[Provided material]
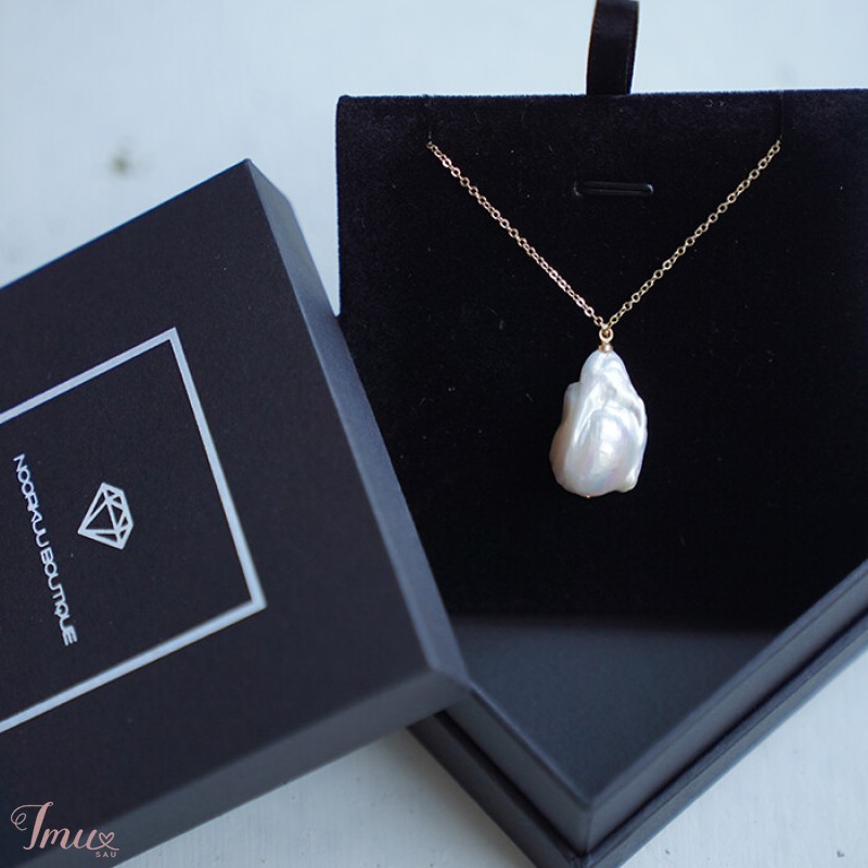 Paauksuota grandinėlė su Baroque perlu, 2-3cm. Paauksuotas 585 prabos geltono aukso. Ilgis 46-51cm. Prekė supakuota į baltos spalvos, gražią, puošnią dėžutę. Prekes išsiunčiame per 1 d.d. nuo apmokėjimo.
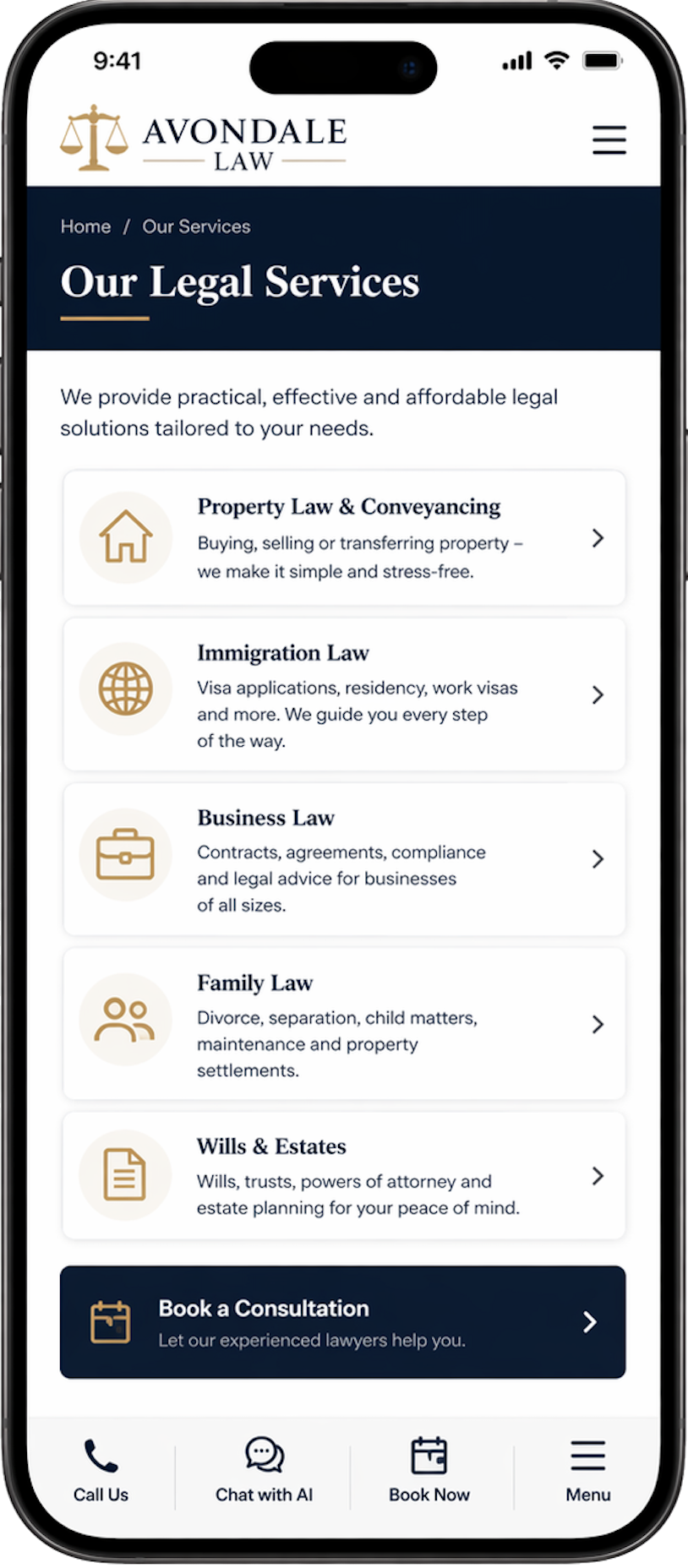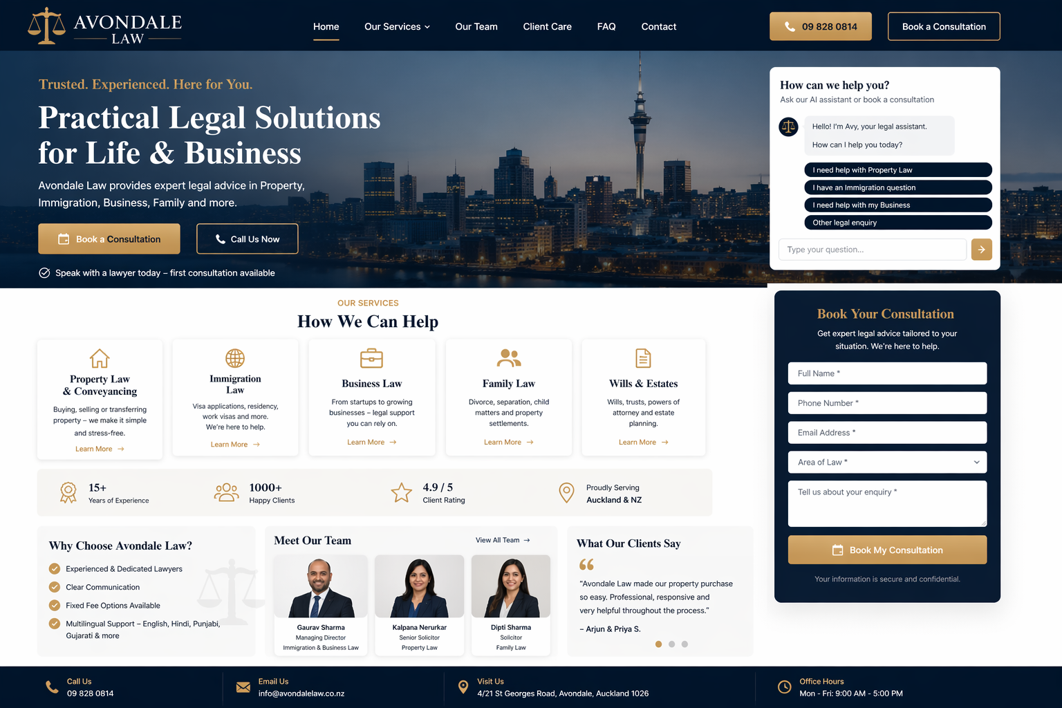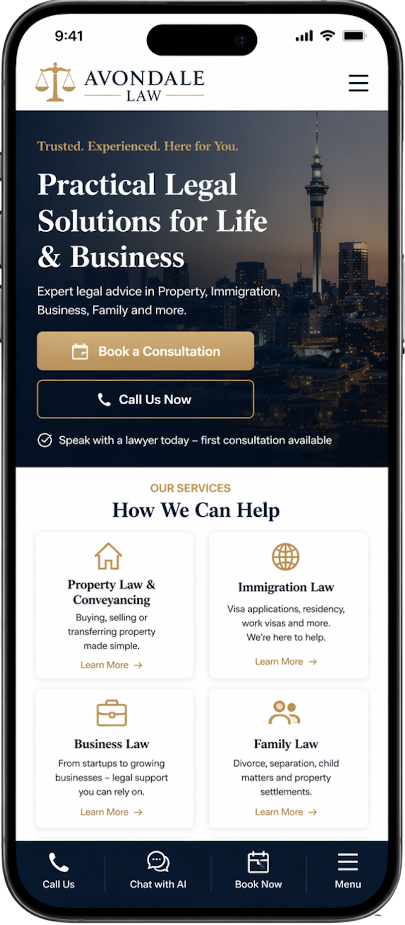 Designed and delivered a modern, structured website with improved UX and content layout for an Auckland legal services client.
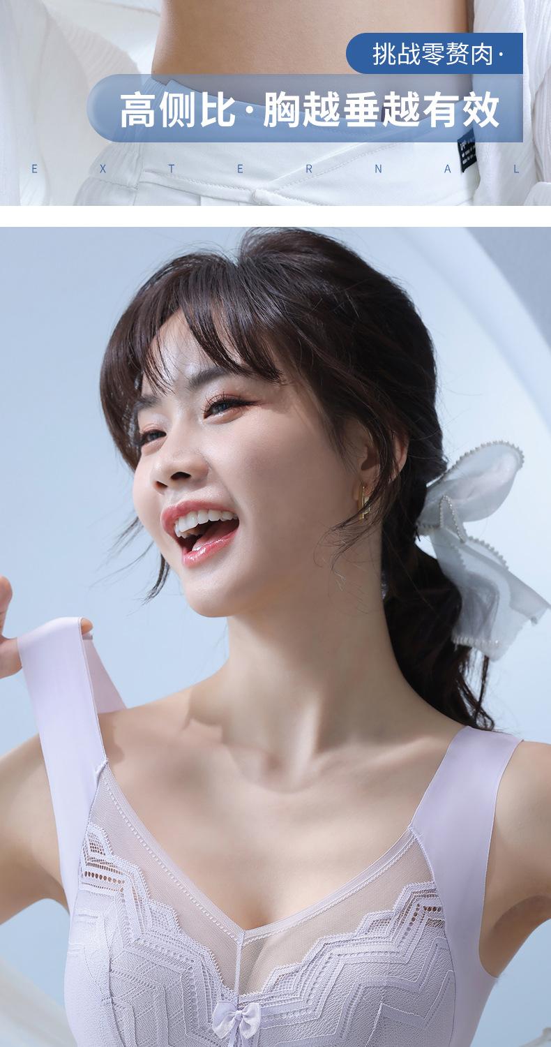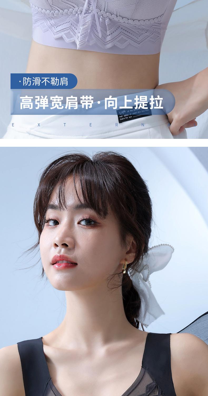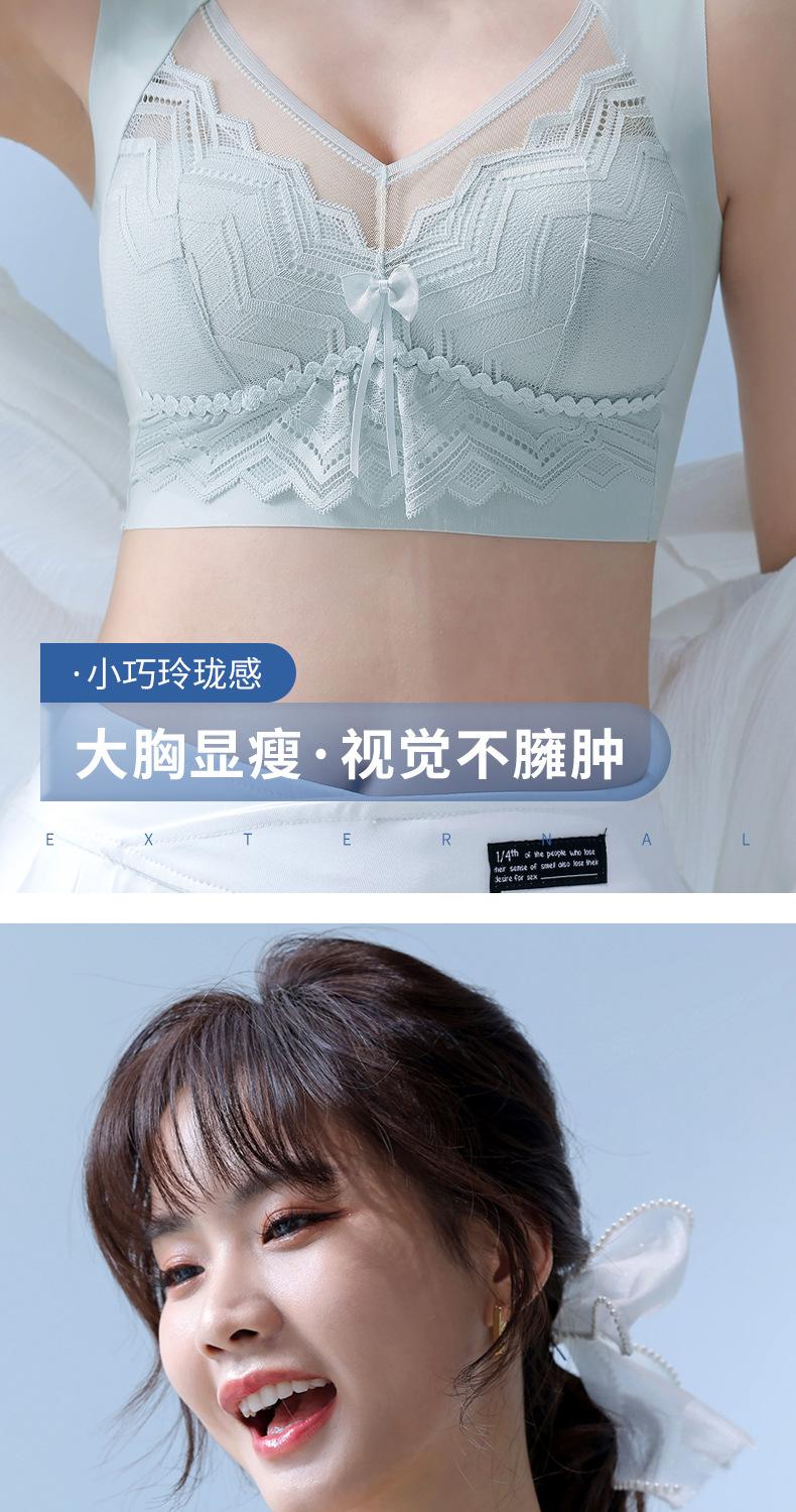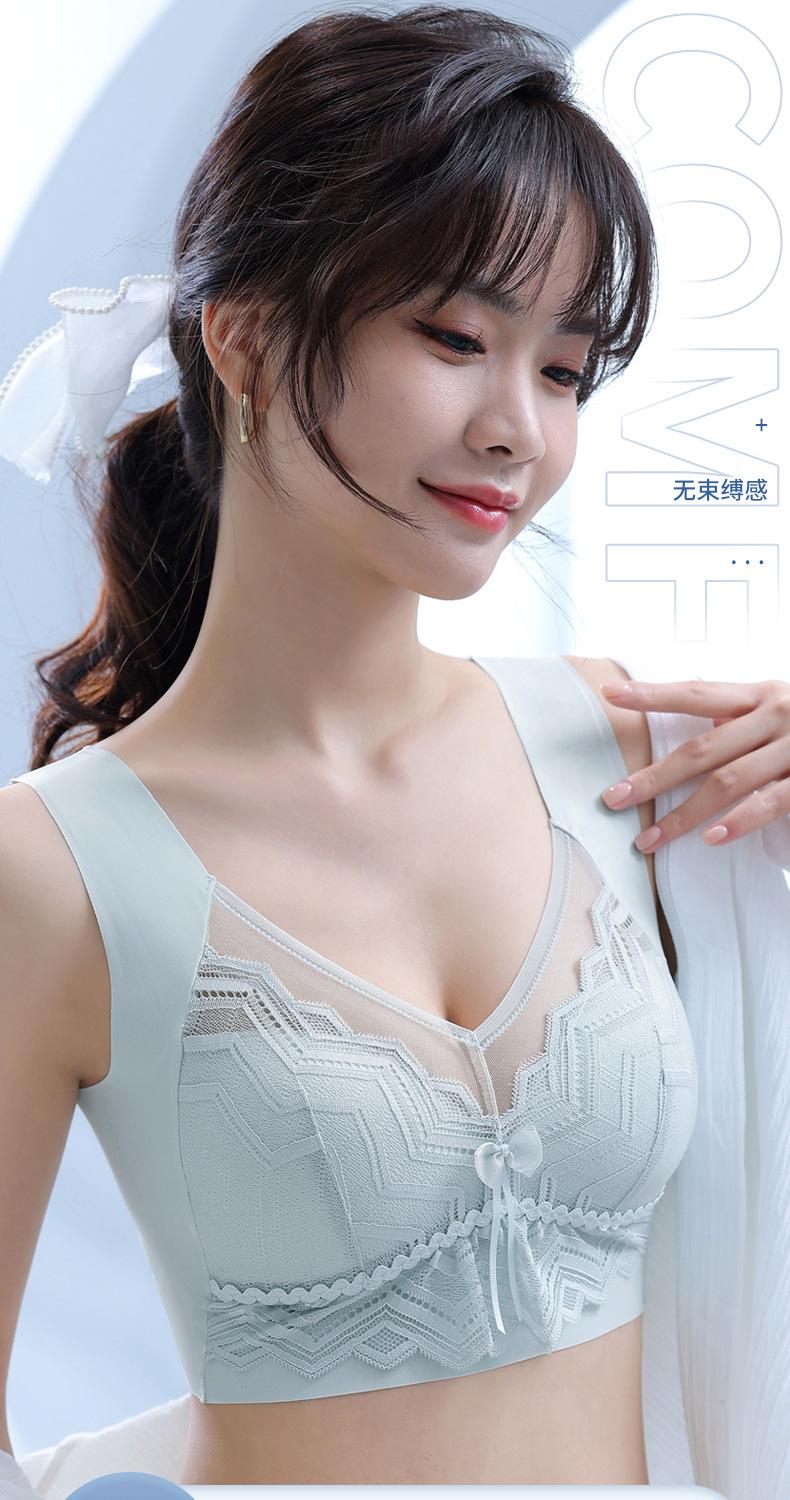 Talla grande Ropa interior sin costuras de seda de hielo para mujer, sin varillas, soporte superior, push up, delgada, pecho grande, muestra pequeño, espalda bonita, sujetador limpiable

[Your assignment]
Copy the listing above word for word. Do not include the pictures.

[Your solution]
 Paauksuota grandinėlė su Baroque perlu, 2-3cm. Paauksuotas 585 prabos geltono aukso. Ilgis 46-51cm. Prekė supakuota į baltos spalvos, gražią, puošnią dėžutę. Prekes išsiunčiame per 1 d.d. nuo apmokėjimo.
 Designed and delivered a modern, structured website with improved UX and content layout for an Auckland legal services client.
 Talla grande Ropa interior sin costuras de seda de hielo para mujer, sin varillas, soporte superior, push up, delgada, pecho grande, muestra pequeño, espalda bonita, sujetador limpiable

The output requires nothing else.